Features most important for classification. (A) The highest absolute feature coefficients of the high confidence CSF model indicate which features are relevant for the model’s decision-making. (B) Features associated with the conventional secretion pathway of the cell, e.g., the presence of a signal peptide and glycosylation sites in the protein sequence, are more common in CSF secreted proteins. (C) The proportions of predicted subcellular localizations show clear differences between the CSF and non-CSF group. (D) While proteins with one predicted transmembrane region are much more likely to be found in the CSF, the opposite is true for proteins with a high number of transmembrane proteins. HC-CSF – high confidence CSF; TM – transmembrane.

Figure 5

Model performance on the brain detected HPA proteome. Predicted probability of the full CSF and high confidence CSF model on proteins detected in the human brain that have not been utilized for previous training and testing. Proteins with a probability score of >0.5 are predicted as CSF secreted. Both models are most confident about proteins that have been detected in a higher number of CSF studies. Proteins not identified in CSF are consistently predicted as brain confined. The high confidence model predicts a large fraction of ambiguous proteins (marked in gray) as brain-confined. HPA – Human Protein Atlas.

Figure 6

Model performance on proteins identified by affinity proteomics. (A) Proteins detected solely by PEA and not mass spectrometry have a lower average brain abundance according to PaxDB. (B) The classification models perform well on the CSF proteins identified by affinity proteomics, identifying the majority of them.

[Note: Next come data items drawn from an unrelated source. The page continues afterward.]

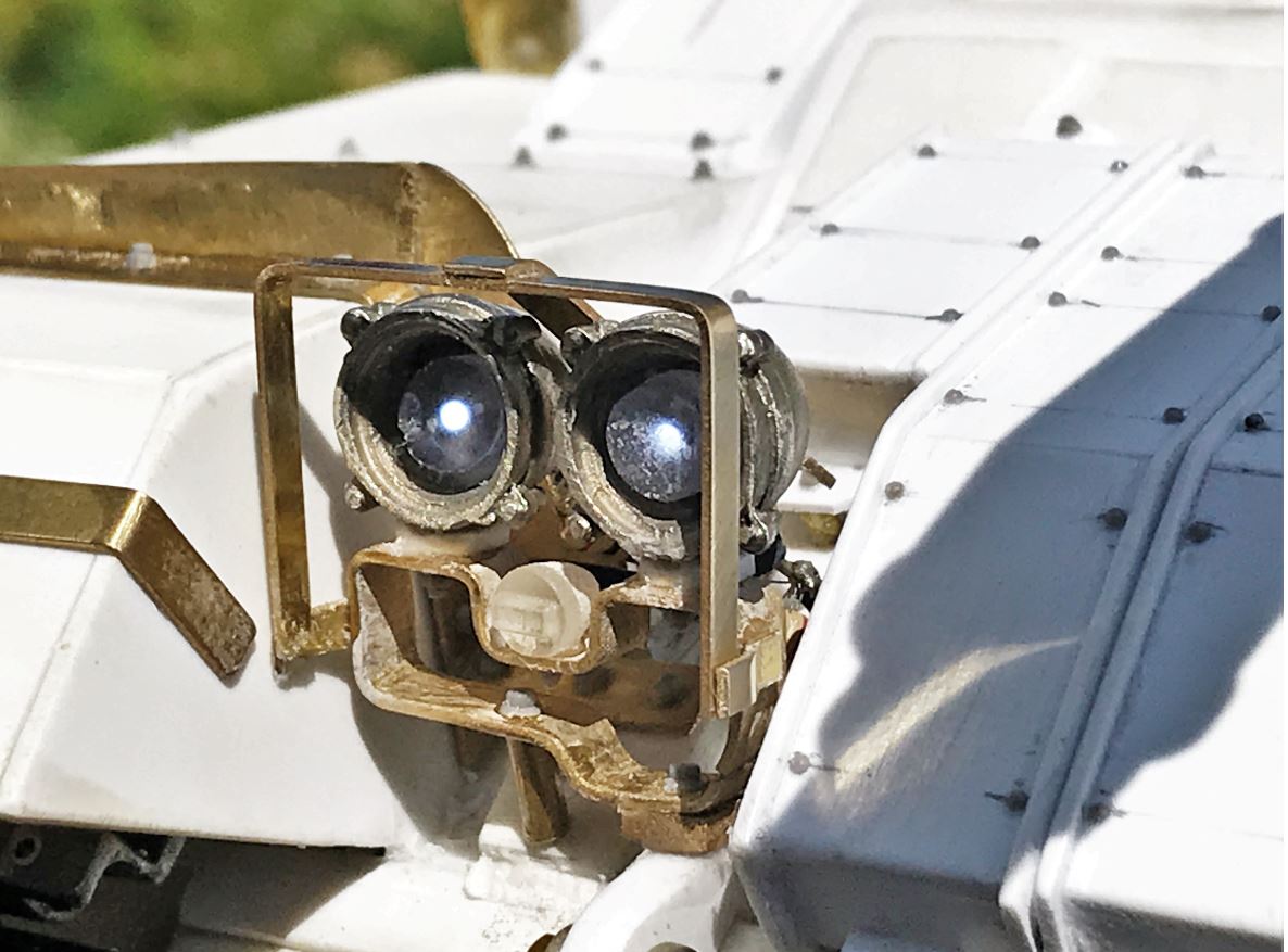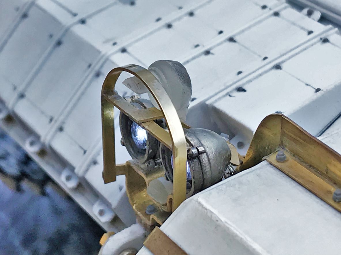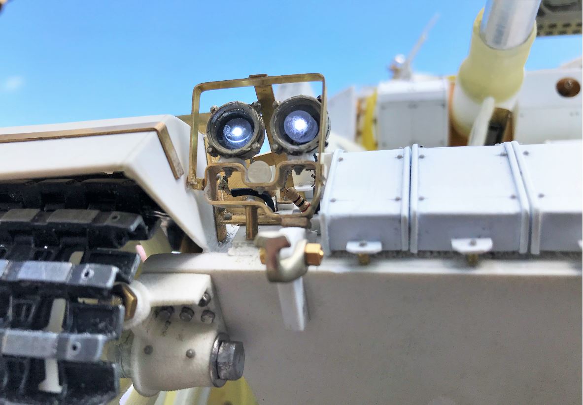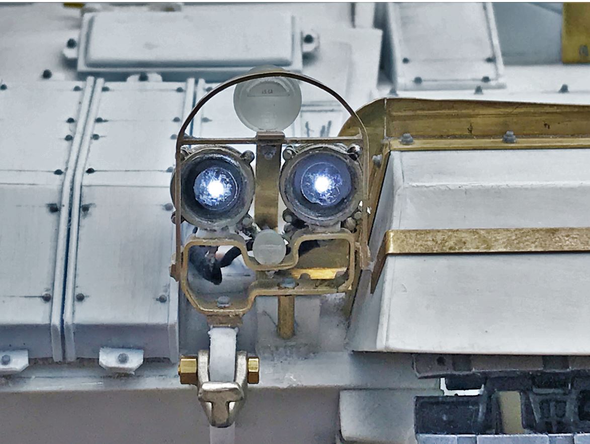AFV-Model T-55 metal headlights are used, they are close to the required model. I used 5mm LED kits from ebay purchased for a few dollars. The mount is made in brass by hand with a couple of pliers, nothing more. Not perfect, but I only have basic tools.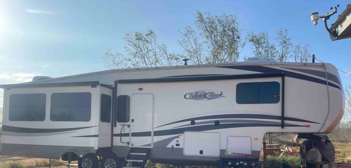 Peacehaven... una palabra compuesta que describe esta tranquila y céntrica autocaravana cerca de la pintoresca ciudad universitaria de Keene, TX. Esta autocaravana de treinta y cuatro pies viene totalmente equipada y tiene un dormitorio, un baño, con cocina y sala de estar combinadas. Es un lugar estupendo para una escapada de fin de semana o un retiro tranquilo de la vida urbana durante la semana. Peacehaven... tranquilo, cómodo y práctico.
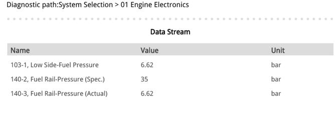 The technician had viewed live data for the engine sensors. He had noted that the actual fuel pressure for the high pressure pump was identical to the low pressure pump. The engine control unit was commanding 35 bar but only achieving 6.62 bar.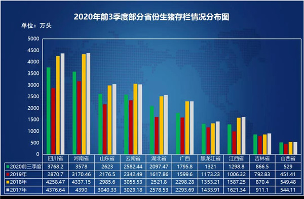 图4.2020年前3季度部分省份生猪存栏情况分布图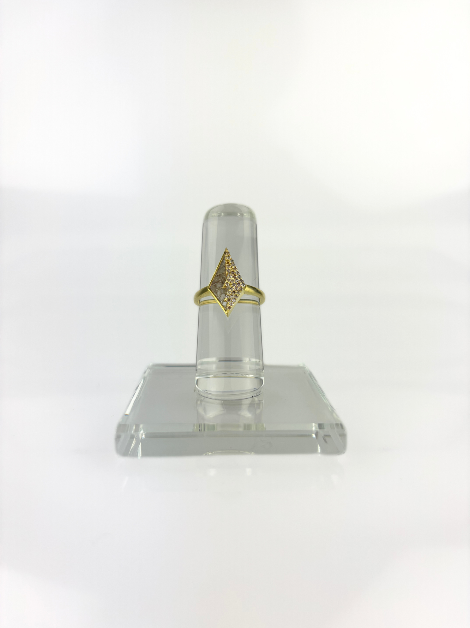 Sliced raw uncut champagne diamonds, White resin, Pink Tourmaline, Vermeil 18k gold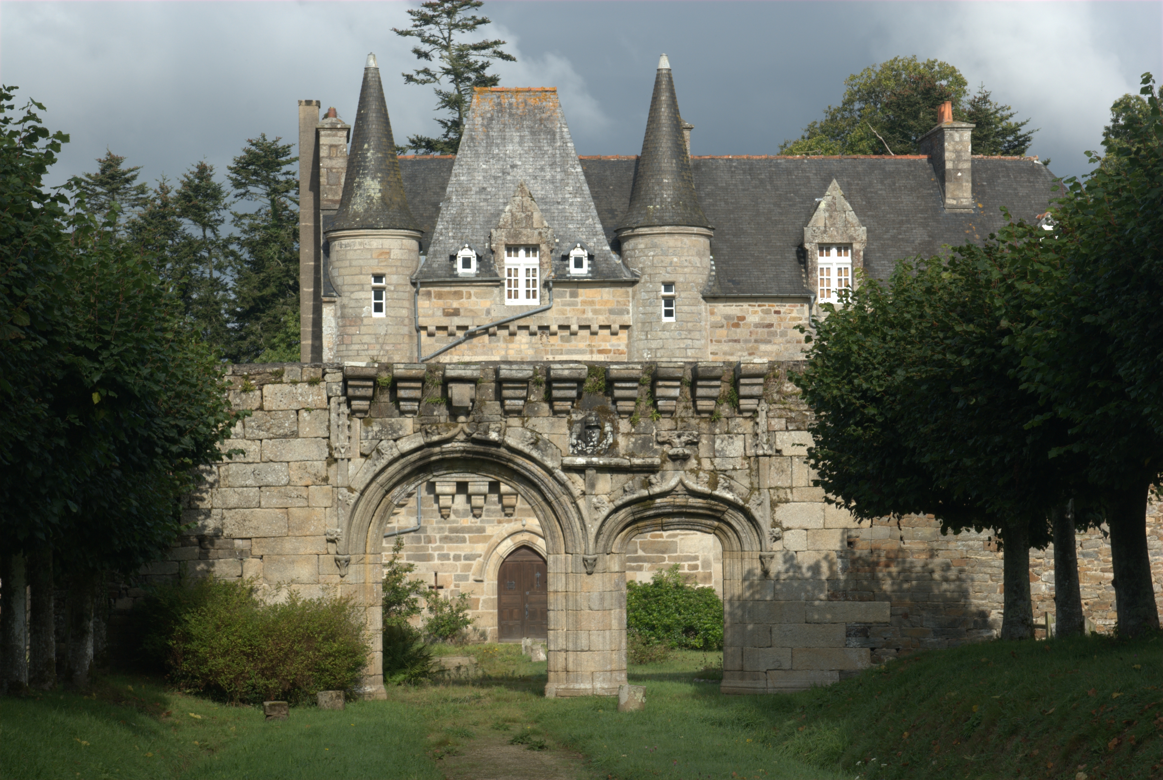 Trémel : manoir de Trébriant, vue générale depuis le sud-sud-est, photographie de 2009. Les portes charretière et piétonne (à arc surbaissé) étaient surmontées d'une galerie reposant sur des mâchicoulisImmatriculation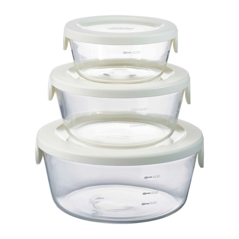 ハリオ 耐熱ガラス製保存容器 丸 3個セット SYTN-2518-OW オフホワイト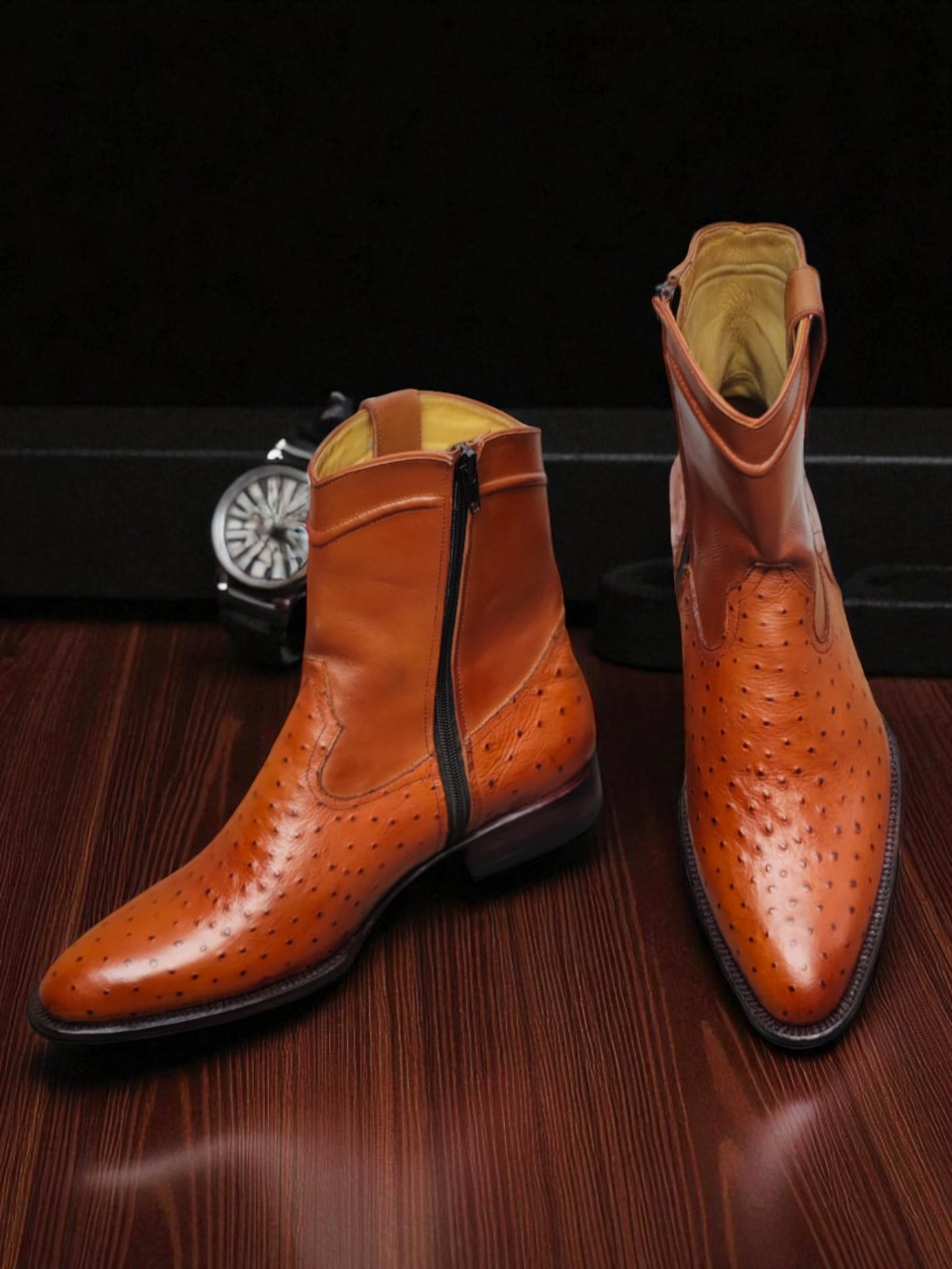 Crafted Leather Classic Brown Ostrich Leather Side Zipper Cowboy Boot
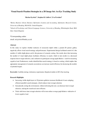 Kyritsis, M., Gulliver, S. R., & Feredoes, E. (2016). Environmental factors and features that influence visual search in a 3D WIMP interface. International Journal of Human-Computer Studies, 92, 30-43.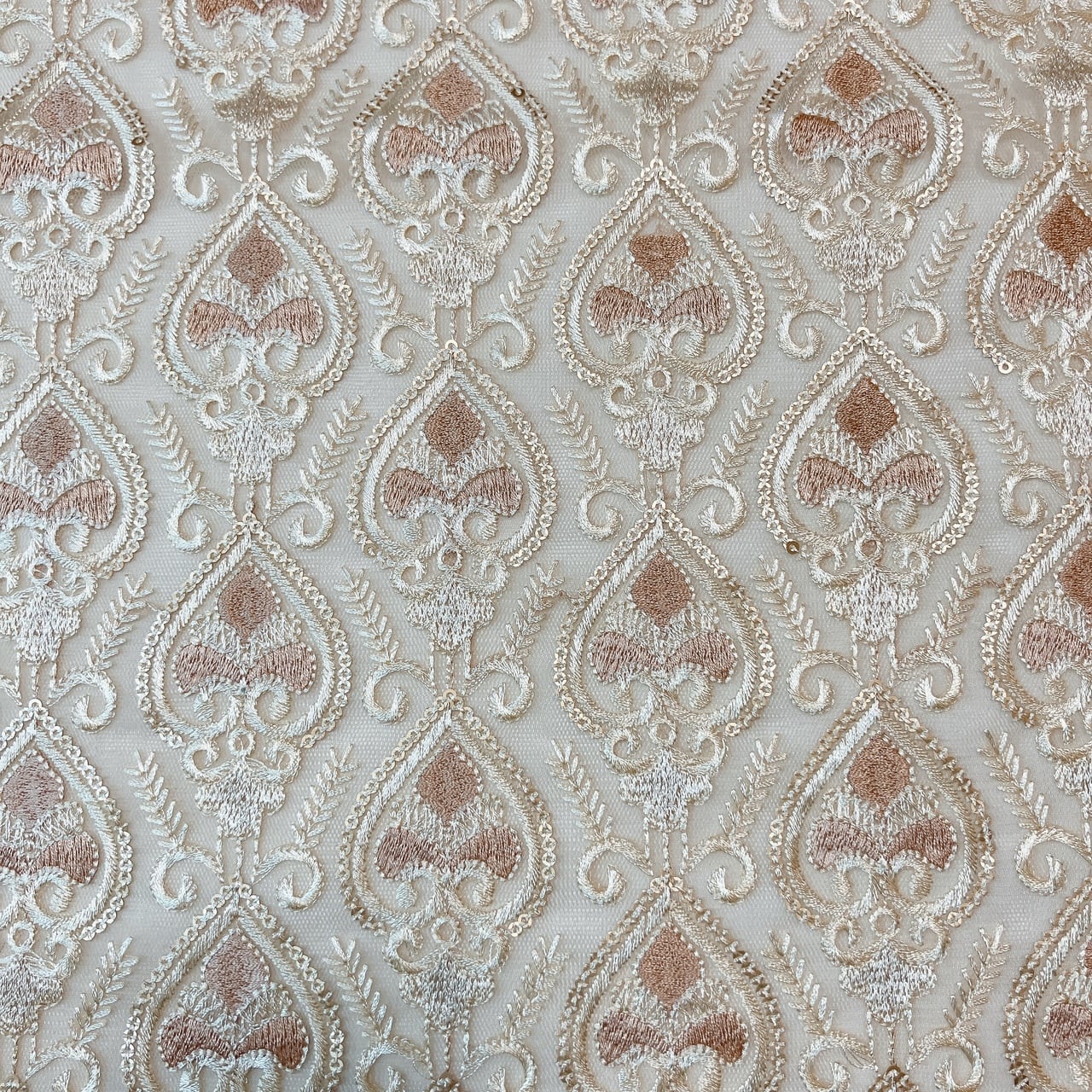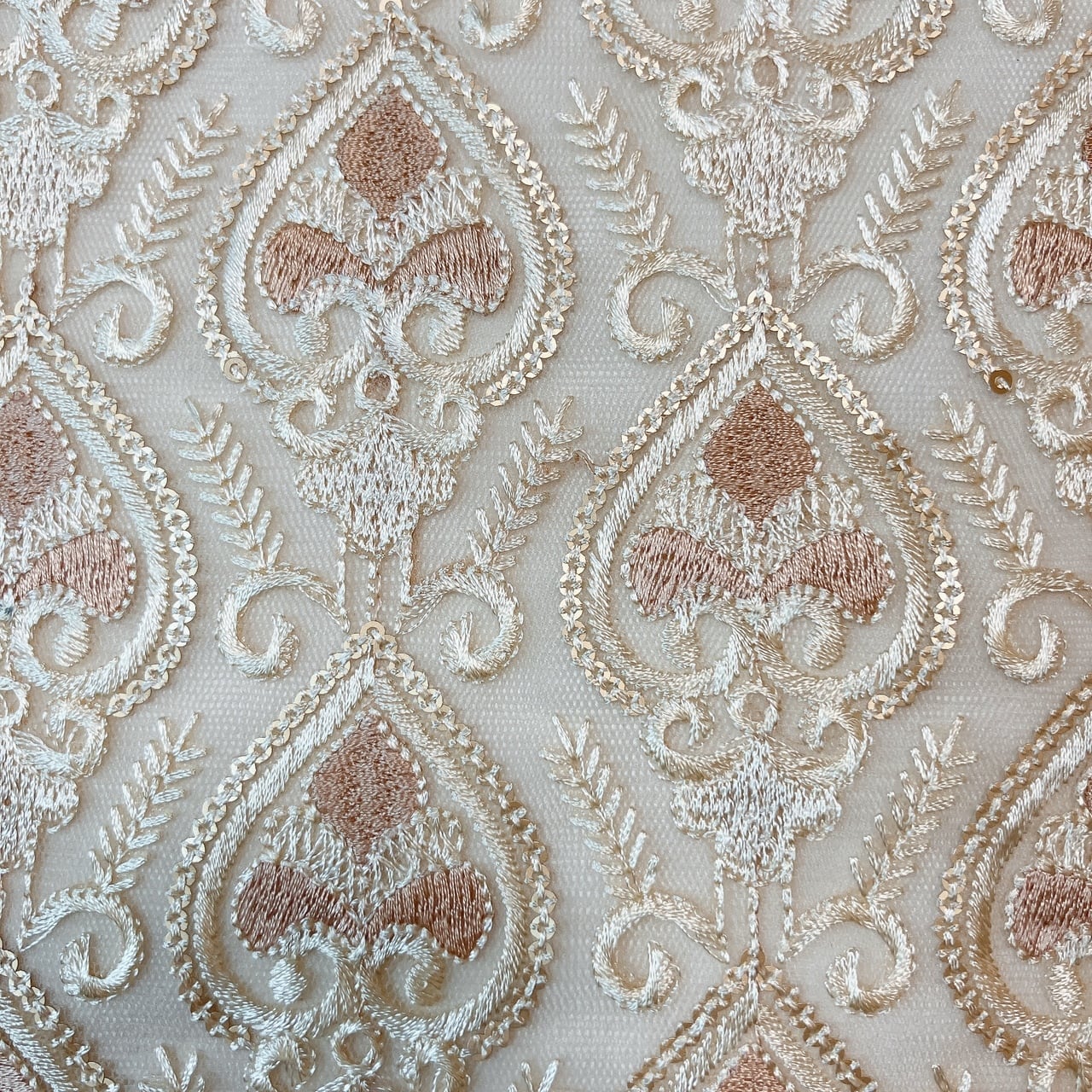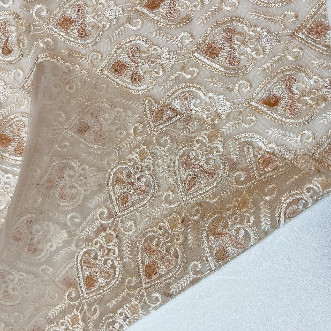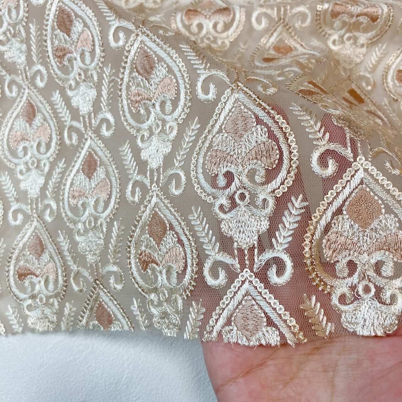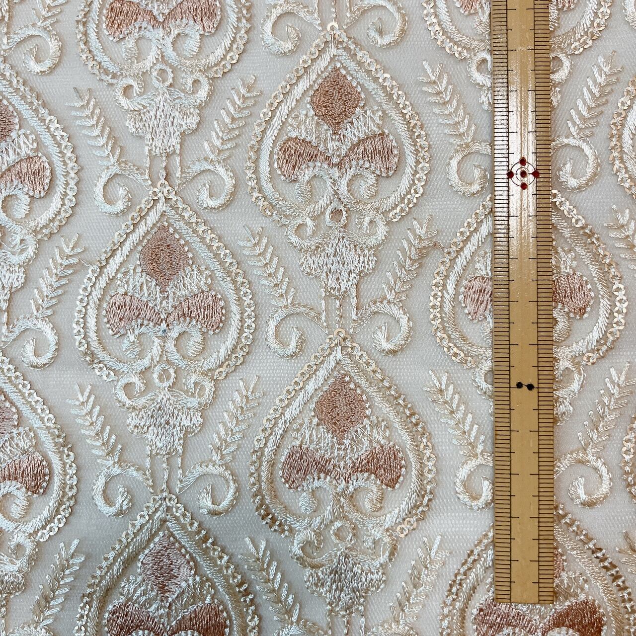 ロイヤルペイズリー刺繍チュール [シャンパンピンク]インド刺繍生地 D_0005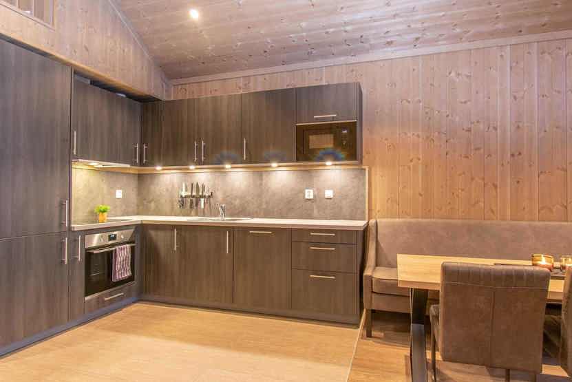 Enheden har komfur med ovn, opvaskemaskine, mikrobølgeovn, køleskab, fryser.

Importantly, the models are able to correctly predict low abundance proteins that are potentially only identifiable by targeted approaches. PEA – proximity extension assay; PPM – parts per million.

Figure 7

Predicted CSF secretion probability of established biomarkers of Alzheimer’s Disease. A model was trained on the high confidence CSF data set but with a list of 17 AD biomarkers removed. The model correctly predicts 12 out of 15 CSF biomarkers as being secreted to the CSF, many with a very high probability. Colors indicate the process the biomarker is associated with, illustrating that the model struggles to identify biomarkers of neuronal injury as CSF secreted. Two known PET biomarkers are predicted as non-CSF proteins. The prediction corroborates why for these two imaging biomarkers no assay for measurement in CSF is established. AD – Alzheimer’s Disease; NfL – neurofilament light chain; Ng – neurogranin; PET – positron emission tomography.